Кулица облегченно вздохнула. Матери прошли в садок и уселись там на скамейке. Над ними отцветала вишня, и белые лепестки снежинками садились на их седые головы и не таяли. Дедусь посмотрел им вслед, понял, что женщины обойдутся без него, — видно, есть у них свое важное дело. Склонился на посох и дремотно смежил мокрые, глубоко спрятанные глаза.
Старик не ошибся. Было, было у них свое дело, и не то чтобы важное, а необычное, даже интимное. И как, с какой стороны к нему подступиться, с чего начать разговор о том, что теплилось в душе и вертелось на уме, ни Кулица, ни Евдокия не знали. Евдокия Ильинична рассматривала на своей ладони лепесточек, и так внимательно, будто ради этого пришла сюда и села под вишней. «Какая приятная у Хусина мать, — думала она. — И по-нашему говорит хоть и не чисто, не так, как Хусин, но без запинки, и вежливая и приветливая, видно, что женщина простая…» Кулица тоже молчала, тоже думала, разумеется, не по-русски: «Так вот какая мать у Елизаветы! Хусин о ней рассказывал, хвалил, а теперь и я ее повидала. Как же хорошо, что она пришла. Видно, тревожится, побаливает серденько. Хоть и молчит, на цветочек глядит, а я-то по глазам ее вижу, что вот-вот поведет речь о Хусине…»

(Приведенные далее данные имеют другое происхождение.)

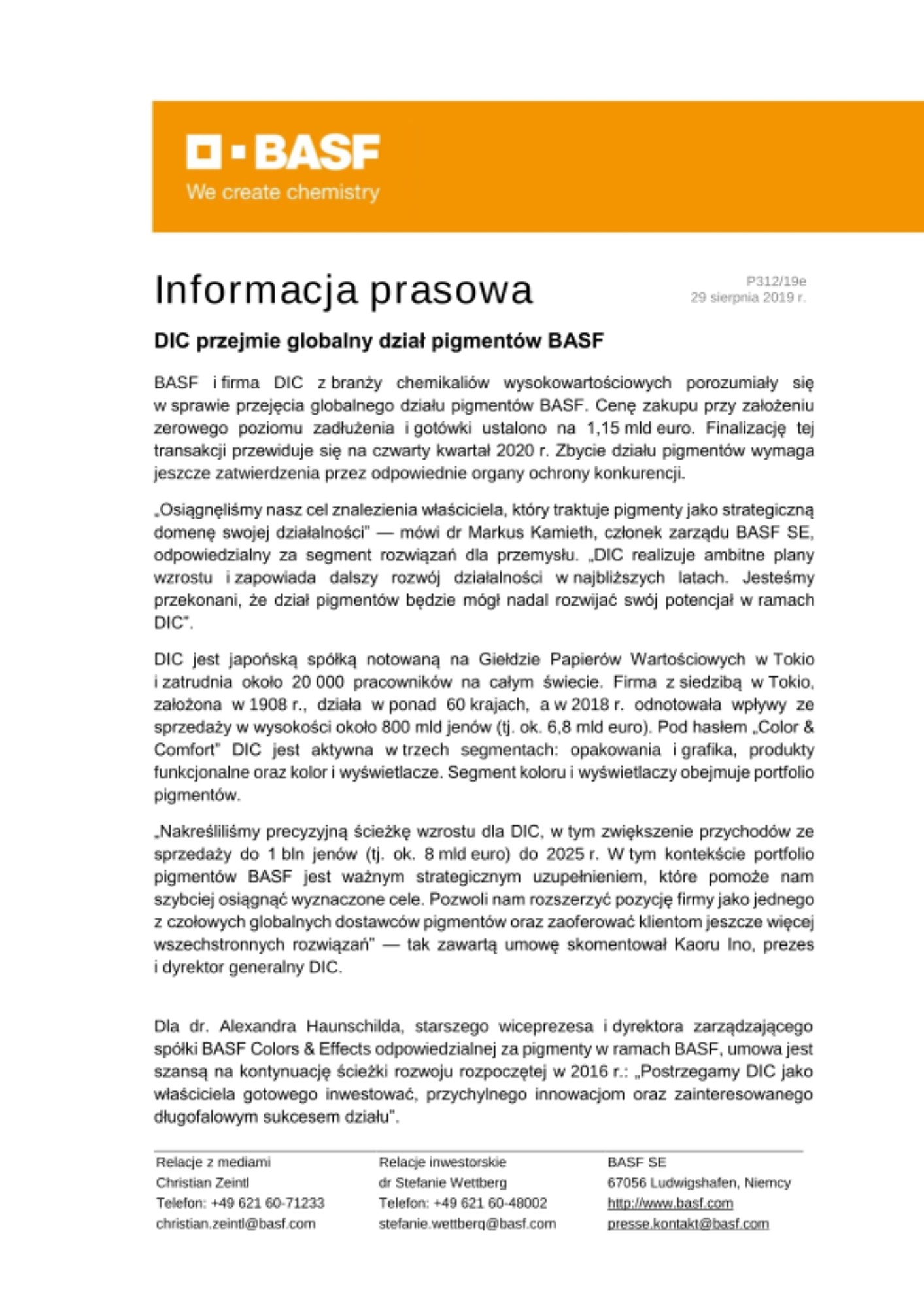 BASF i firma DIC z branży chemikaliów wysokowartościowych porozumiały się w sprawie przejęcia globalnego działu pigmentów BASF. Cenę zakupu przy założeniu zerowego poziomu zadłużenia i gotówki ustalono na 1,15 mld euro. Finalizację tej transakcji przewiduje się na czwarty kwartał 2020 r. Zbycie działu pigmentów wymaga jeszcze zatwierdzenia przez odpowiednie organy ochrony konkurencji.

Речь же о Хусине не получалась, вот беда! Мысленно матери говорили и о Хусине и о Елизавете. Вот он, этот беззвучный разговор: «Милая Кулица, а известно ли тебе или еще неизвестно, что наши детки-то полюбили друг друга?..» — «Еще точно ничего мне неизвестно, а догадываться я догадываюсь…» — «А я в точности знаю… И ходят они неразлучно, как те спарованные бычки, и катает Хусин мою дочку на лодке по бурунам, и ни тебе страха, ни боязни, и на коне джигитует по хутору, а она ему хустки вышивает… Оттого-то я у тебя…» — «Дружба у наших детей, Евдокиюшка, еще с детства…» — «Веришь, Кулица, дружба та такая, что твой Хусин зачастил в мою хату, как в свою, и я-то вижу, не слепая, какой магнит его туда тянет, — моя дочка… А ить молодые они, им еще учиться и учиться…» — «Да, верно, Евдокиюшка, учиться им нужно, это ты правильно сказала. И спасибо, что пришла, и мы повидались и поговорили. Я и сама тревожусь за детей, я тоже зрячая и вижу: сильно мой Хусин уважает твою дочку. Как-то даже привел ее, и я догадалась зачем, да и нетрудно было догадаться, — чтобы я на нее посмотрела. Славная у тебя дочка. Знала бы, Евдокиюшка, как Хусин переменился к лучшему! И в учебе стал старательный, и со мной ласковый, а всему тут причина — твоя дочка…»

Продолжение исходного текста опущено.